El comunicado oficial señala además que la empresa estatal brindará asistencia técnica e insumos agrícolas a los productores, con el objetivo de sostener la producción y dar previsibilidad al sector cañero de la zona. Sin embargo, el informe difundido por la Presidencia de la República del Paraguay evita ofrecer una solución concreta al principal motivo del paro: la paralización de la licitación para el nuevo tren de molienda de la planta alcoholera.
Este proyecto es considerado estratégico por los productores, ya que permitiría modernizar la infraestructura industrial y ampliar la capacidad de procesamiento de la caña.

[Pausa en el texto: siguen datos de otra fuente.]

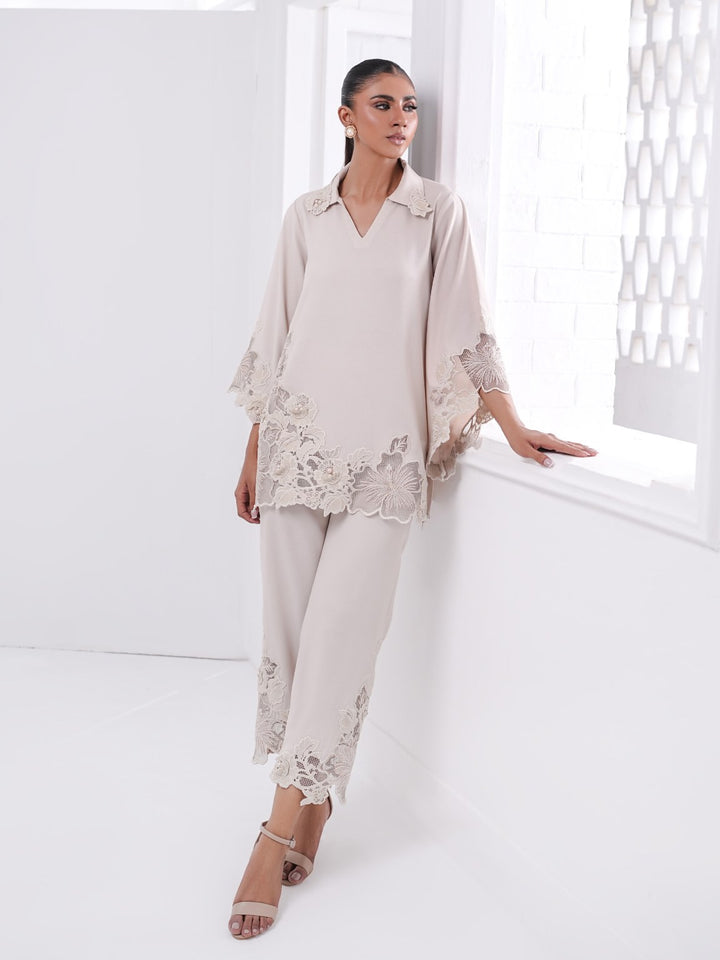 - Elaborate 3d beaded cut work lace with net on shirt, sleeves and culottes

Según se menciona en el documento oficial, el proceso licitatorio permanece trabado por una situación generada por uno de los oferentes, lo que mantiene en suspenso la adjudicación del equipamiento clave para la planta.
Frente a este escenario, el Gobierno no plantea una salida inmediata al problema. En lugar de ello, el compromiso asumido se limita a la conformación de una “mesa de trabajo conjunta” entre autoridades y representantes del sector, que tendrá como finalidad «dar seguimiento a las gestiones» relacionadas con el nuevo tren de molienda.
El anuncio también establece que los compromisos asumidos por PETROPAR entrarán en vigencia una vez que los cañicultores levanten las medidas de fuerza, con el compromiso de mantener el diálogo como mecanismo permanente de negociación.
Aunque el Gobierno sostiene que el acuerdo busca “dar tranquilidad y mejorar la calidad de vida de los cañicultores”, lo cierto es que el punto central del conflicto —la definición sobre el nuevo tren de molienda— sigue sin una solución concreta, quedando por ahora sujeto únicamente al seguimiento de futuras gestiones en una mesa de trabajo.